バスケは自己表現のひとつ。 自分の好きなことが、誰かの為になるなら。

3人制バスケットボールプレーヤーとして活動する一方、自身の好きな世界観を表現するために芸能活動も行う岡田さん。小学生からバスケを始め、女子バスケの実業団リーグでプレーしていた岡田さんが、新しい活動にチャレンジした背景とは?お話を伺いました。

岡田 麻央

おかだ まお|3人制バスケットボールプレーヤー、モデル
女子バスケットボールのトップリーグ、トヨタ紡職サンシャインラビッツの元選手。現在は、3人制バスケのチーム「SANKAK.EXE」の選手。チーム運営にも携わる。スポーツウェアブランドのモデル、リポーターなど、多方面で活動中。

厳しい練習があるからこそ、試合で楽しめる


愛知県名古屋市で生まれました。スポーツが好きで、小学4年生の時にバスケを始めました。コーチが厳しい人だったので、声を出していないとダッシュでコートを5往復させられたり、練習中に水を飲ませてもらえなかったりと、練習はかなりきつかったです。でも毎日続けることで、バスケが上手になっているという実感がありました。

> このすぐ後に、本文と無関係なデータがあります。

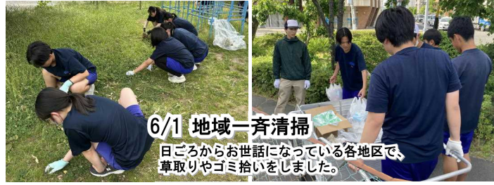
6/1 地域一斉清掃 日ごろからお世話になっている各地区で、草取りやゴミ拾いをしました。

★最近、本校の生徒の行動について、地域の方から感謝の連絡をいただきました。転倒した高齢の方を見守りながら大人に助けを求めた生徒や、道に迷った高齢の方に長時間付き添ってバス停を探した生徒がいました。どちらも相手を思いやり、行動に移した素晴らしい姿です。★今日は人権について、特に「いじめ」について考えてほしいと思います。全国のいじめ認知件数は年々増加しています。その背景には、平成26年の「いじめ防止対策推進法」があります。現在は、身体的な被害がなくても、ネット上での書き込みであっても、相手が苦痛を感じればいじめと認知されます。重大な場合は犯罪行為となることもあります。★例えば、友達の写真や動画を加工してからかたり、危険な行為を無理にさせたり、仲間同士で特定の人を笑いものにしたりすることはどうでしょうか。また、「仕返しだから」「ただのけんかだから」と暴力を振るうことは許されるでしょうか。大切なのは自分ではなく、相手がどう感じているかという想像力です。自分は冗談のつもりでも、相手にとっては深い傷になることがあります。★覚えておいてほしいことは、いじめはどの学校にも起こり得ること、いじめられる側に原因があるという考え方は誤りであること、そして内容によっては法律に触れる行為になることです。★学年が上がるにつれて、いじめの認知件数は減少する傾向があります。これは、仲間との生活を通して心が成長し、思いやりや判断力が身についていくからだと考えられます。最初に紹介した生徒たちも、そのような心の成長を積み重ねてきたのでしょう。★最後に三つお願いがあります。一つ目は、友達を大切に、相手を思いやる気持ちをもつこと。二つ目は、自分がつらい思いをしているときには勇気を出してSOSを発信すること。三つ目は、いじめを見かけたときに、自分に何ができるかを考えることです。★「バラのどげの痛みは、指に刺さった者にしか分からない」という言葉があります。心に刺さるとげも同じです。何気ない言葉や行動が、誰かを深く傷つけることがあります。相手の気持ちを想像し、思いやりをもって行動できる信明中学校をみんなでつくっていきましょう。(抜粋)

それに、練習のつらさが吹き飛ぶくらい、試合が楽しくて大好きだったんです。技が身体に染みつくくらい練習すると、練習したことが試合で自然にできることがあります。それがすごく気持ち良くて。試合の前の日はいつもわくわくしていました。

中学では、バスケ部の他に地元のクラブチームにも入りました。毎日、部活をやって、クラブチームに行って、家に帰ったら寝るだけ。土日も必ず練習があり、遊ぶ時間も休む時間もありませんでした。ただバスケがうまくなることだけを考えていましたね。

高校も、クラブチームのコーチの勧めに従ってバスケットボールの強い学校に進学しました。毎日、始発に乗って学校へ行き朝練して、放課後は21時ごろまで練習。合宿では、一晩中試合をするなんてこともありました。お風呂に入って寝ようとすると、先生がみんなを呼ぶんです。「今からやるぞー!」って。もうノリで乗り切るって感じでした。「元気があれば何でもできる」って常にみんなで言っていましたね(笑)。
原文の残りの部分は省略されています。